Another Riviera winter hike: Pointe Siricocca from Sainte-Agnès





The hilltop village of Sainte-Agnès is situated high above Menton only about 4 km from the coast as the crow flies. At 700 m/2300ft, Sainte-Agnès claims to be the highest coastal village in Europe. The Saracens built their fortress here, and much later, in 1932 another fortress was built into the mountain, this time as part of the Maginot line.

Sainte-Agnès is at the crossroads of some interesting hiking trails. This time we hiked to Pointe Siricocca (1051 m or 3450 ft.) which offers extraordinary views over the Riviera coast, the neighbouring mountain tops as well as a glimpse of the snow-capped summits further north. The well-marked itinerary circles Pointe Siricocca clockwise, and makes a detour to the mountaintop from Col  de Verroux  .

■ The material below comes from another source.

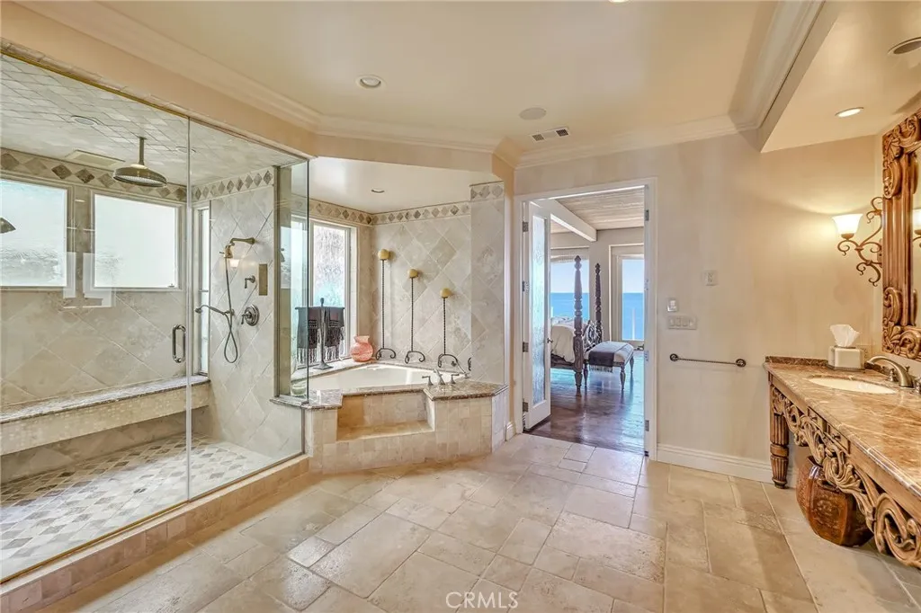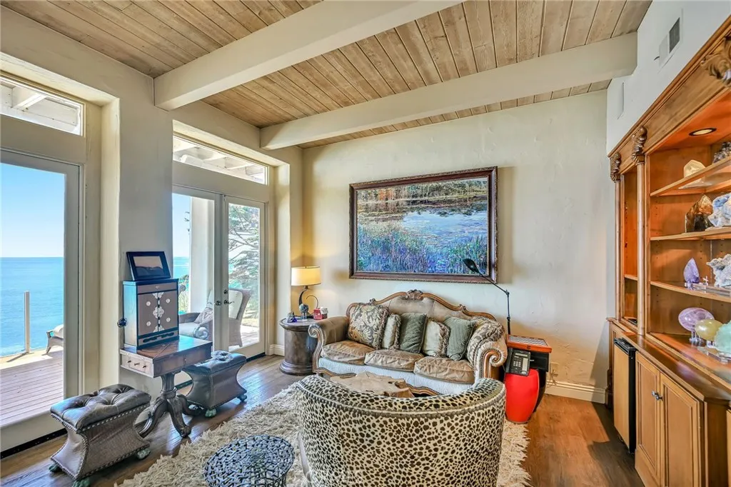 Luxury Live Auction! Bidding to start from $6,000,000! Tucked within the gated coastal community of Victoria Point, this beachfront property offers a front-row seat to Malibu’s coastline, with expansive water views visible throughout most of the home. From inside, you can take in the rhythmic surf, watch dolphins and sea life pass by, and follow the shoreline as it stretches from Broad Beach to Point Dume. Just outside, a short, private stairway leads directly down to the sand, where a hidden cove creates a quiet, tucked-away setting that feels far removed from the typical Malibu experience. The interior is bright and open, designed to balance relaxed daily living with effortless hosting. In the main living space, dramatic wood-beamed ceilings, oversized windows, and a built-in bar create a welcoming environment that opens directly to a spacious deck overlooking the ocean. The kitchen offers functionality and scale with a breakfast bar for casual dining, two ovens, and a sizable pantry for storage. Upstairs, the primary retreat is oriented toward the water, featuring its own fireplace, an attached office or lounge space, and a full-length private terrace. The bathroom includes a soaking tub, generous proportions, and a walk-in closet. Also on the upper level is an additional bedroom, while two more guest rooms are situated downstairs, each with convenient access to a large patio that sits right along the ocean’s edge. With direct entry to a rarely accessed stretch of sand and a setting that feels both peaceful and private, this home delivers a more exclusive, secluded version of the Malibu coastal lifestyle. Sadly for the owners, this home in part of a BANKRUPTCY SALE, but perhaps an opportunity for you. Don't delay.

We parked at the entrance (600 m) of Sainte-Agnès below the village. The trail first follows the paved road going to col des Blanquettes for about 300 m, then forks right and descends into a valley along a trail called Peyre Grosse, passing some houses and pastures. The route then follows a dirt track for about 500 m before turning left, and continues ascending in the woods. Signposts along the way guide you to the summit. Just before Col de Verroux (935 m), the trail widens as it connects with an ancient military route which continues as far as to the summit making the last push fast and easy.

Short term weather forecasts generally tend to be pretty accurate these days. We chose the day based on a very favourable forecast but unfortunately low coastal clouds started gathering at 1000+ m rapidly, probably because of the humid and warmer Mediterranean air hitting the coast after a cold night. Hence, the views down to the coast were limited as the video clip shows.

From the mountaintop, we walked back to Col de Verroux, then headed first east then south descending rapidly. The way back to Sainte-Agnès is well marked.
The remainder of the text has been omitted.